Are there any builders in the North Carolina/South Carolina area that anyone would recomend?  I was leaning towards an LSG but thought I would see if there was anyone local first.  Looking for an offset in the 24x40 range.


----------



## GonnaSmoke (Sep 27, 2021)

Here's an OLD thread with a bunch of builders and their websites. As you will see, most are in Texas and many are no longer in business, but some are. 





						Pit Builder List
					

I wanted to post this down in the cooker section, but I need the help of a moderator.  Anyway, here is a list from another source that should help with pit questions.    Acme Custom BBQ grills and pits  Friendswood, TX  http://www.acmewelding.com/BBQ.html   Austin National Smoker Company...




					www.smokingmeatforums.com
				




Go west to Knoxville and there's TMG Pits, tmgpits.com. Their backlog is around 30 weeks. Further south is Lang, langbbqsmokers.com. Last I heard, Lang was about 6-7 months or so, too. 
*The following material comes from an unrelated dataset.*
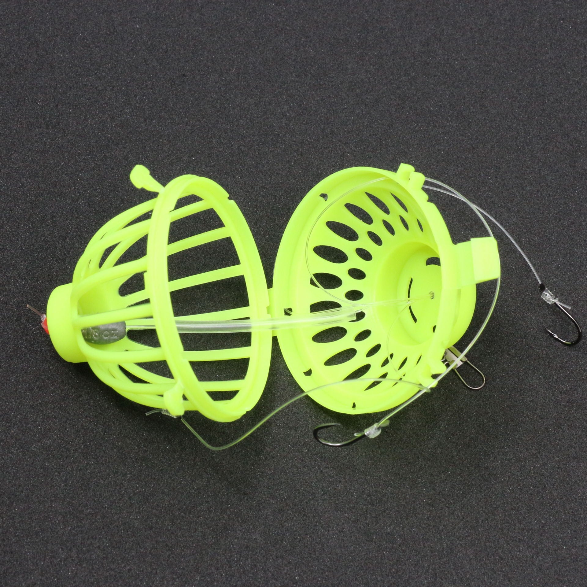 Teçhizat, plastik bir besleyici sepet, ana hatta bağlanmak için klipsli fırdöndü ve kısa uçlara bağlanan üç kancadan oluşur.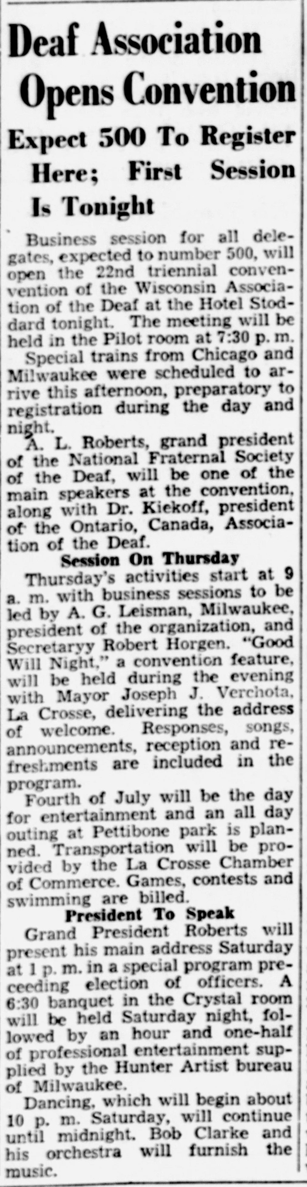 Sign language was, and still is, a key component of deaf culture. While students may not have been allowed/encouraged to use sign language at school, there are signs that there was a thriving deaf culture in early 20th century La Crosse. The La Crosse Deaf Mute Association met monthly at the YMCA from 1897-1909, and in 1909 the Seven Star Club for Deaf Mutes began meeting in members’ homes. Another clue that La Crosse had a thriving deaf community is that in the summer of 1901, 100 delegates from the Wisconsin Deaf Mute Association hosted their 9th annual convention in La Crosse. In 1941 the convention was once again held in La Crosse, drawing 500 delegates.

If you're willing to have one built and shipped to you, Bell Fabrication is well thought of, bellfab.com, and their turn around time may be shorter. Craig is good people.


----------



## culpepersmoke (Sep 28, 2021)

I realize they aren't in the Carolina's but I'm very happy with my HBT Smoker. It was worth the drive to Alabama to pick it up. I had mine made from smooth steel instead of the diamond plate (no extra charge). Great people to work with too.


----------



## Three B's (Sep 30, 2021)

I've been looking into Workhorse, anyone have expierence with them?  What little information I have been able to find so far looks promising.


----------